Skip to main content

Stream report #2 from July 9th

TODOs for this stream

  • Run a crawl with 10 browsers in parallel and see if we can verify the errors described
  • Debug the data loss
  • Outline at least 3 use cases for working with a primed profile

What actually happened

I tried running a crawl on the v0.16.0 tag to reproduce the error got reported by taehyung222 on matrix. (Come join us at #openwpm:mozilla.org if you want.)

However once I had created a list with the top 1000 Alexa entries using parts of a script from the openwpm-crawler repo and started running the crawl I discovered that running 10 browsers in parallel and streaming doesn’t work that well from a performance perspective.

Also the crawl was way slower than I had expected and in the end got crashed by an assertion error stopping the entire crawl after only ~150 sites were visited.

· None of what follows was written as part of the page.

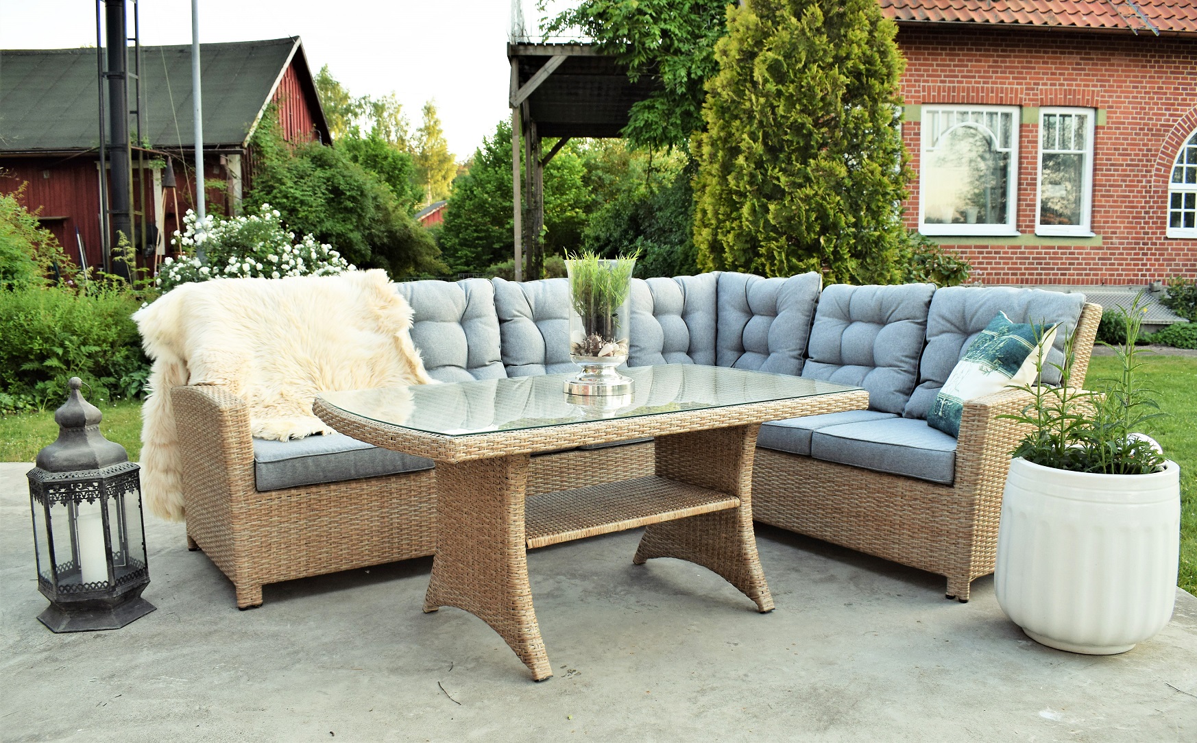 Orlando hörnsoffgrupp höger ger dig en utemöblegrupp i klassisk natur konstrottingdesign med gott om plats. Bord och soffa i matchande naturfärgad konstrotting, hållbar ram i aluminium som klarar utemiljö. Bord med glasskiva för enkel rengöring. Innehåller 1 st hörnsoffa soffa samt matbord. Material aluminium, konstrotting och glas.

At that point I gave up and ended the stream.

What was learned

Streams need work outside of the time I’m streaming.

If I want to analyse a dataset on stream I should prepare it beforehand.

If I promise a stream report, I need to sit down and actually write one.

If I claim to be a responsible maintainer, I should be helping community members instead of wasting their time.

Streams should only happen when I’m actually ready to stream. In this stream I was hungry, tired and anxious. I should have cancelled the stream and worked offline.

How is OpenWPM better than it was before

It isn’t. Nothing of value was produced on this stream. I’m sorry.

Outlook for next stream

All I can promise is that I’ll try to do better.

I’ll try to run the crawl under the week, so that the dataset is ready for analyzing next Friday.

Hopefully I’ll see you then.